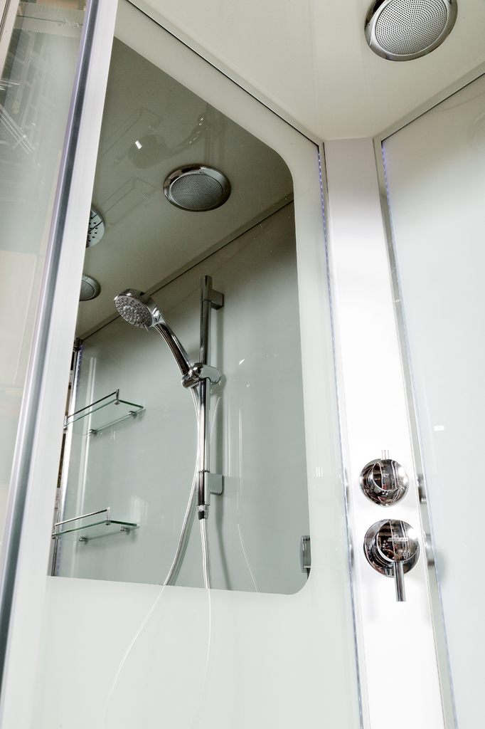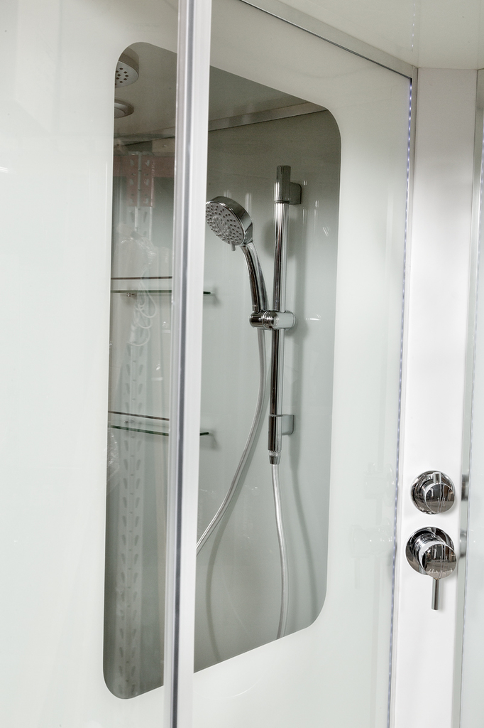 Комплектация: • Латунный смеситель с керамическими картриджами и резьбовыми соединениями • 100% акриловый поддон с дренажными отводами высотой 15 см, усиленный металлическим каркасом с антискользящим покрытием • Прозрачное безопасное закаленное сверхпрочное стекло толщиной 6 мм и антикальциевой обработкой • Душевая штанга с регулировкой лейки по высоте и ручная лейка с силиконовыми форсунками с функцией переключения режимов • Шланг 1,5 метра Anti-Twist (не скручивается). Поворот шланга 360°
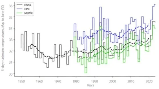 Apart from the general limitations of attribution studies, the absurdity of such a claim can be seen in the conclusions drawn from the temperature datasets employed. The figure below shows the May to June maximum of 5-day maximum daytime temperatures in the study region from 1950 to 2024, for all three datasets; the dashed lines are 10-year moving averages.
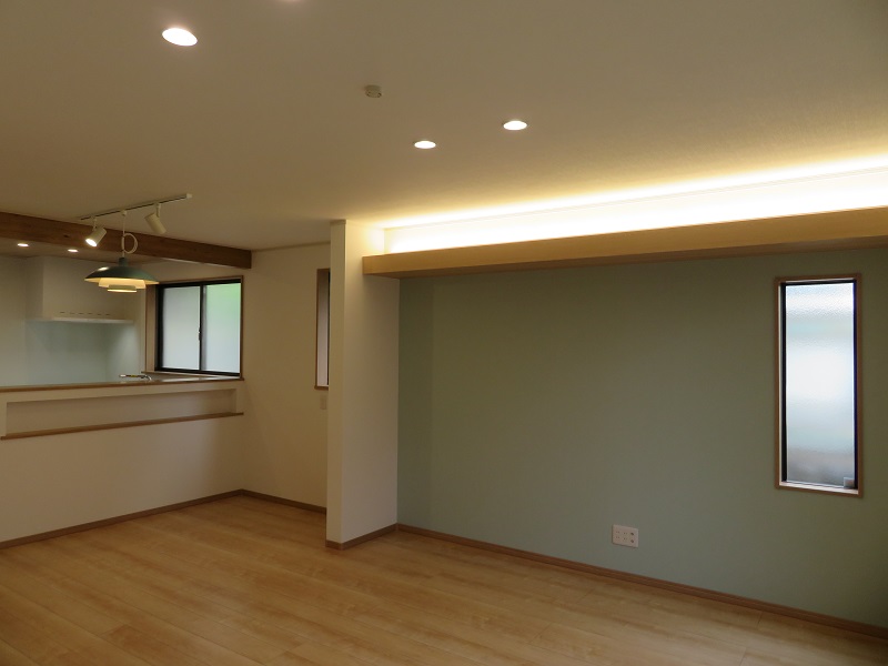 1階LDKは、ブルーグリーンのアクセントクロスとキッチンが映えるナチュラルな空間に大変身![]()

■ Work required ■
None of the pictures should be kept; reproduce all the remaining material exactly.

■ Reply ■
 Комплектация: • Латунный смеситель с керамическими картриджами и резьбовыми соединениями • 100% акриловый поддон с дренажными отводами высотой 15 см, усиленный металлическим каркасом с антискользящим покрытием • Прозрачное безопасное закаленное сверхпрочное стекло толщиной 6 мм и антикальциевой обработкой • Душевая штанга с регулировкой лейки по высоте и ручная лейка с силиконовыми форсунками с функцией переключения режимов • Шланг 1,5 метра Anti-Twist (не скручивается). Поворот шланга 360°
 Apart from the general limitations of attribution studies, the absurdity of such a claim can be seen in the conclusions drawn from the temperature datasets employed. The figure below shows the May to June maximum of 5-day maximum daytime temperatures in the study region from 1950 to 2024, for all three datasets; the dashed lines are 10-year moving averages.
 1階LDKは、ブルーグリーンのアクセントクロスとキッチンが映えるナチュラルな空間に大変身![]()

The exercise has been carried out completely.